──────── TASK DATA ────────

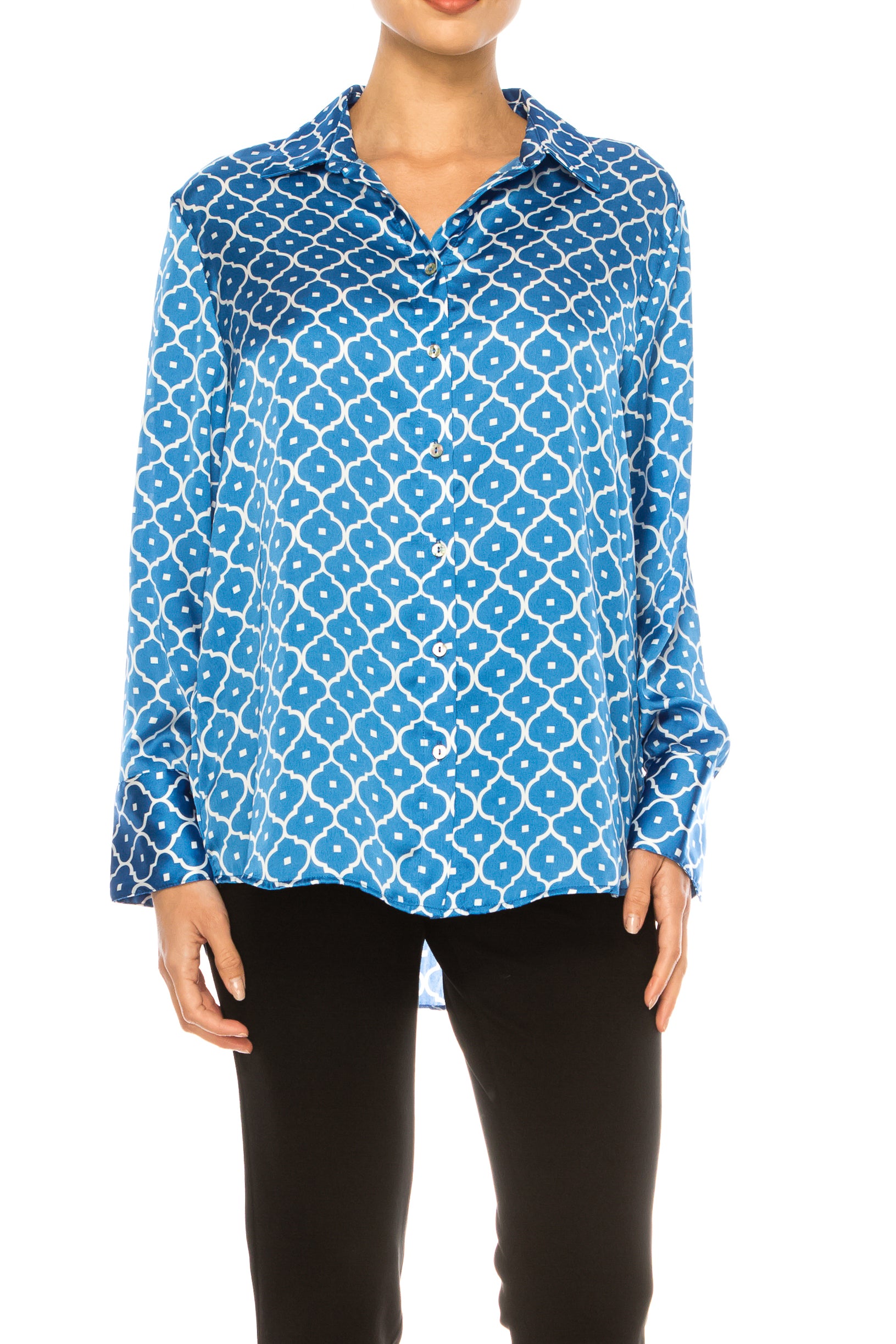 Hester & Orchard Long Sleeve Button-Up Printed Top
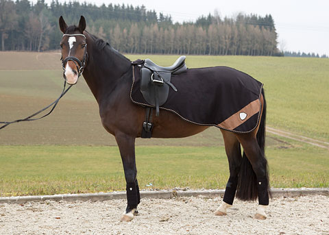 Praktyczna półderka do użytku w czasie rozgrzewki i po skończeniu treningu. Zalecana szczególnie dla koni z problemami w odcinku lędźwiowym kręgosłupa.
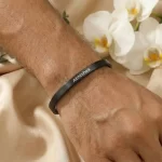 This Black Personalized Engraved Name Bracelet is a stylish and eye-catching piece of jewelry. The combination of gleaming black, clean engraving, and the wide band makes it a true statement piece. It would make a wonderful gift for someone special or a treasured addition to any jewelry collection.
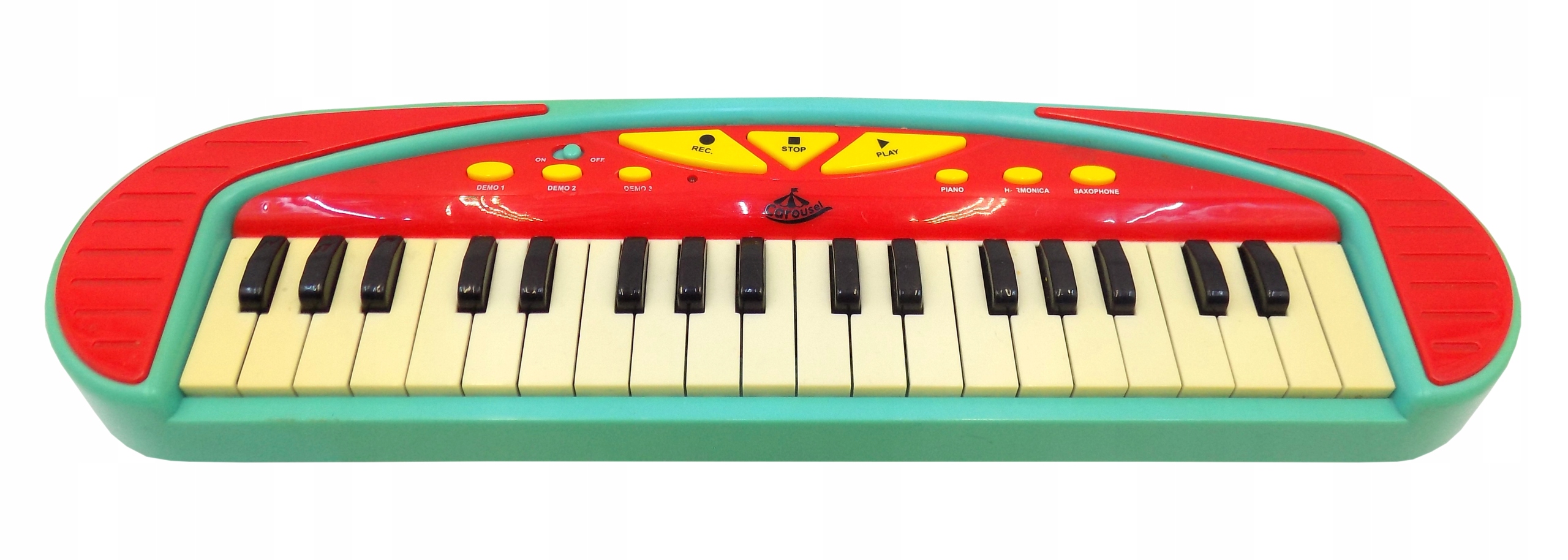 Моя перша іграшкова клавіатура від Carousel. На батарейках, справний. Розміри висота; 4 х 41 х 11 см. Сліди використання.
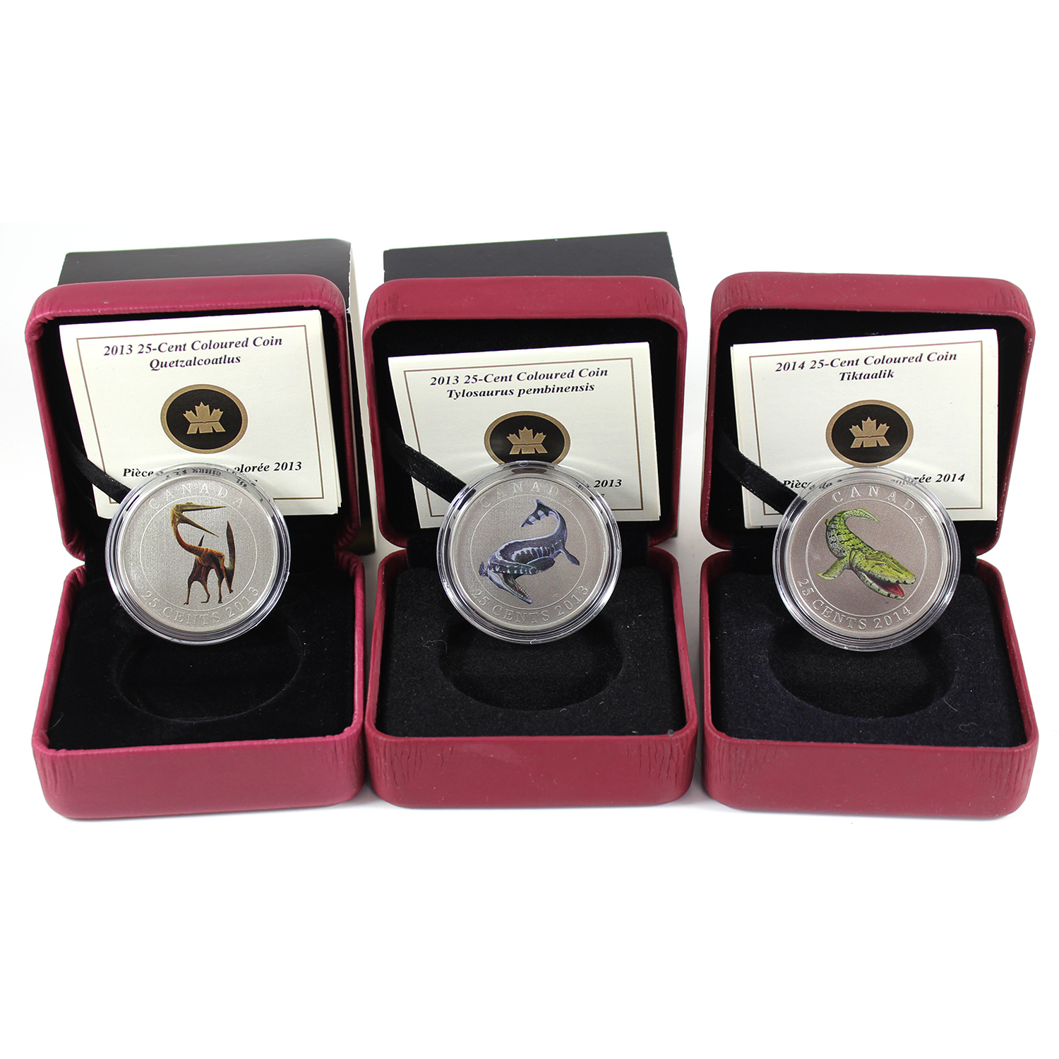 INCLUDES: 2013 Quetzalcoatlus, 2013 Tylosaurus Pembinensis & 2014 Tiktaalik Glow In The Dark (no outer sleeve). Wear to outer sleeves. 3pcs
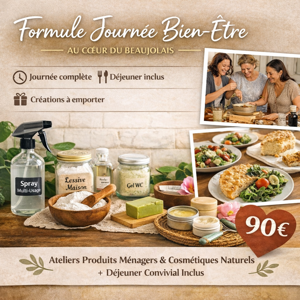 Profitez d’une journée bien-être et créative au cœur du Beaujolais : ateliers de produits naturels (ménagers et cosmétiques) et déjeuner maison inclus.

────────

(DIRECTIONS FOR THIS TASK):
The reply should hold every line of the material above, unchanged, and no pictures.

(SOLUTION TO THE PROBLEM):
 Hester & Orchard Long Sleeve Button-Up Printed Top
 Praktyczna półderka do użytku w czasie rozgrzewki i po skończeniu treningu. Zalecana szczególnie dla koni z problemami w odcinku lędźwiowym kręgosłupa.
 This Black Personalized Engraved Name Bracelet is a stylish and eye-catching piece of jewelry. The combination of gleaming black, clean engraving, and the wide band makes it a true statement piece. It would make a wonderful gift for someone special or a treasured addition to any jewelry collection.
 Моя перша іграшкова клавіатура від Carousel. На батарейках, справний. Розміри висота; 4 х 41 х 11 см. Сліди використання.
 INCLUDES: 2013 Quetzalcoatlus, 2013 Tylosaurus Pembinensis & 2014 Tiktaalik Glow In The Dark (no outer sleeve). Wear to outer sleeves. 3pcs
 Profitez d’une journée bien-être et créative au cœur du Beaujolais : ateliers de produits naturels (ménagers et cosmétiques) et déjeuner maison inclus.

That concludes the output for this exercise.